I'm not saying it's impossible that Apple might come up with it, but it's pretty damn close to impossible. Plus, I doubt Apple is going to attempt to go down the road of making the Apple Watch a 'medical grade' device - slightly more hoops to jump over there (FDA in the US for a start)... for good reason. If it's not accurate, it will cost lives.

People who think blood glucose can be detected the same way the pulse is detected on the watch (using differential absorption of light), clearly have no understanding of physiology, physics or biochemistry... current monitors make a lot of assumptions.

And for non-diabetics, what the hell are you going to do with the data - the signal to noise ratio shrinks even further, yet we think we're all 'well informed'. The Dunning-Kruger effect on display.
Your argument: "It hasn't been done, therefore they can't do it." despite your qualification.

Also -- blood sugar is very useful for non-diabetics, especially if they dont want to become diabetics.
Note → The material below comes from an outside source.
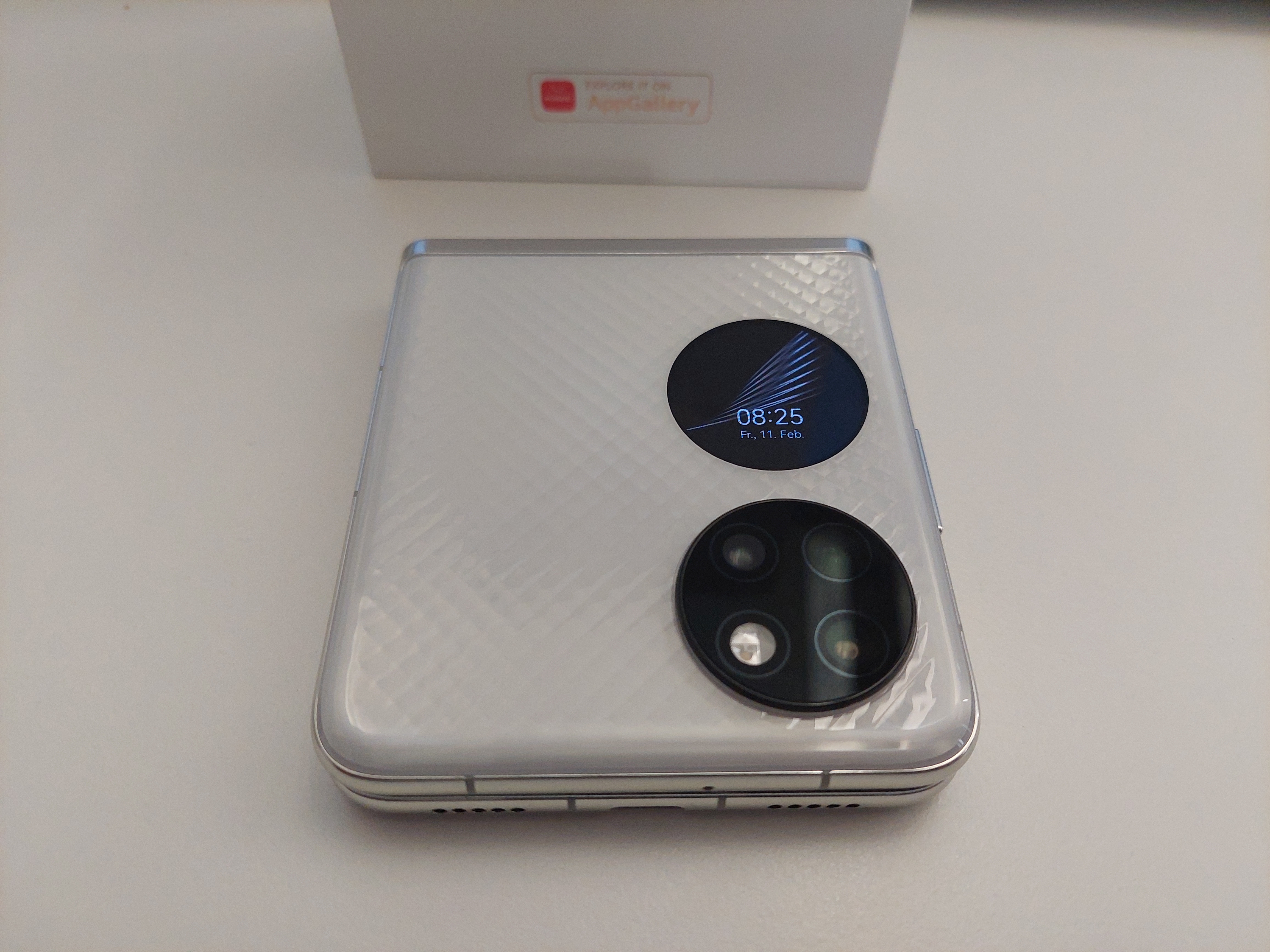 Fangen wir mit dem oberflächlichen Teil an. Huawei hat wieder einmal in die Vollen gegriffen und einen rausgehauen. Das P50 Pocket ist wirklich wunderschön designt und greift sich total hochwertig an. Die leicht geriffelte Oberfläche gefiel zwar nicht jedem, mir persönlich aber ganz gut. Im zugeklappten Zustand ist das Gerät superflach und klappt vollständig zu, es bleibt kein Spalt zwischen den beiden Hälften. Das wirkt sich auch auf den ausgeklappten Zustand aus, denn die Falte im Display ist, verglichen zum Mitbewerber Galaxy Flip, sehr dezent und kaum spürbar. Tolle Leistung! Kamerahügel und Außendisplay (1-Zoll, OLED) fügen sich perfekt ins Gesamtbild ein.

Ask an athlete.
 
It's a tough choice then. Do I spend £350 on a Apple Watch or £10 on a dedicated Blood Monitor kit? Ah stuff it. Let laziness win the day.

Oh, please don't be so facetious. Those of us who are diabetic would almost certainly opt to spend the £350 on the technology (if it works) because it'll end up costing less than the £10 blood glucose monitor.
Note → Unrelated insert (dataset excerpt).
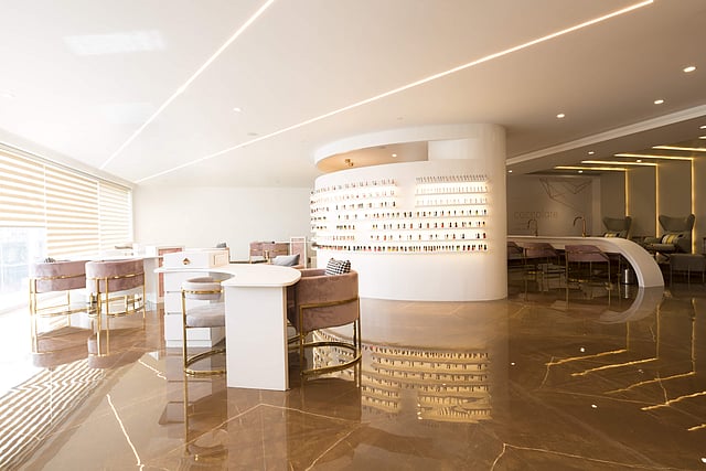 The rose gold accents of the salon and the pristine white walls with aquamarine and peach furniture are soothing to the eyes from the word go. The outlet has a special pedicure station, a room dedicated solely to lash and brows and also a quaint little café, where you can grab a cup of coffee as you relax for your mani-pedi. When you walk into the brow section, their experts help you choose a style that suits your face structure. Yashika insists that the permanent makeup and micro-blading techniques in the brow section follow stringent safety norms and might not be suitable for those who have sensitive skin. To make your lashes stand out, they offer six different effects and volumes ranging from 1D to 8D. Lumbini informs, “We don’t have services like waxing and threading as we wanted to focus exclusively on nails and lashes and brows.”

I'd gladly spend £350 if it even sort of worked. Even something that's only good enough to spot basic trendlines but still requires you to use a normal blood glucose monitor for specific readings would be of tremendous value.
 
With Type II Diabetics ... losing weight and getting healthy can greatly help or completely get rid of Type II Diabetes.
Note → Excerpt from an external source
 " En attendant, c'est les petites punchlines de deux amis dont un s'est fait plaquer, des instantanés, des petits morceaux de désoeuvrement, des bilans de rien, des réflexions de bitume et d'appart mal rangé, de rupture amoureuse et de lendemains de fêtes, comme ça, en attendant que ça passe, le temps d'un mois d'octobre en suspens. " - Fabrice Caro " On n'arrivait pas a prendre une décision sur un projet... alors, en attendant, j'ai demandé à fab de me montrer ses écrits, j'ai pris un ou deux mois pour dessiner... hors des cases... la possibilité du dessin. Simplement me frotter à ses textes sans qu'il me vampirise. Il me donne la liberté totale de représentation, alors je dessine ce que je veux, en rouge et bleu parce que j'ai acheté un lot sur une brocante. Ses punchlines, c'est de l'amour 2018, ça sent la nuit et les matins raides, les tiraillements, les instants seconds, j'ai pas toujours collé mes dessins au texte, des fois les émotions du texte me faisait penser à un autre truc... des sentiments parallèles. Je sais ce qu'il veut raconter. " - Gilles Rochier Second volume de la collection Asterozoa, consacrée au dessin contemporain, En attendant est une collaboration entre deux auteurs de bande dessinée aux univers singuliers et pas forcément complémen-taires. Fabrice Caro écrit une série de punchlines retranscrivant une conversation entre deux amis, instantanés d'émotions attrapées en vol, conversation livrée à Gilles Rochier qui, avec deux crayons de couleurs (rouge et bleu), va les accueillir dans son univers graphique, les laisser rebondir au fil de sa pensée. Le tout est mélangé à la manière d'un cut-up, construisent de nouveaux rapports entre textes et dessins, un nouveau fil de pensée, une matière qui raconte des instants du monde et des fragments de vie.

Not quite correct. There are a lot of lean and even athletic type II's out there. I'm one of them and there's at least one other person in my family of the same profile and one of my friends is a marathoner and a Type II. We all developed it before our 40th birthdays.

Being overweight and leading a sedentary lifestyle are not causes of Type II. They're risk factors. We're actually not sure what causes people to become Type II diabetics. It's easy to believe that Type II is a disease of gluttony and sloth because those are the only diabetics you'll ever notice. There are more of us athletic type II's than people realize because we walk around with flashing signs above us that say "we can't possibly be Type II's if we have beach bodies!"
 
For blood sugar levels, it can't be wrong, but it may not need to be very accurate to be useful.

Totally agree. I know that the HR monitor in my wrist worn Fitbit isn't giving me the numbers I would expect if I were wearing a chest strap monitor and there are times when it's wildy inaccurate, but for my needs, it doesn't need to be clinical to be useful. What I get from it is good enough to give me a profile of how my physical health is doing.

I'm a mild Type II and I would welcome a monitor that I could wear that could warn me that my numbers are starting to trend the wrong direction and it might be a good idea to do some stricter monitoring before I have a real problem on my hands. If I could reduce the number of finger pricks just 2 or 3 times a day, it would even pay for itself in a couple of years.
 
I have no knowledge on the subject, but I would think $200B in the bank allows for some heavy research and development. Maybe they figured out a new method? Who knows. Health seems to be a major focus for the company moving forward.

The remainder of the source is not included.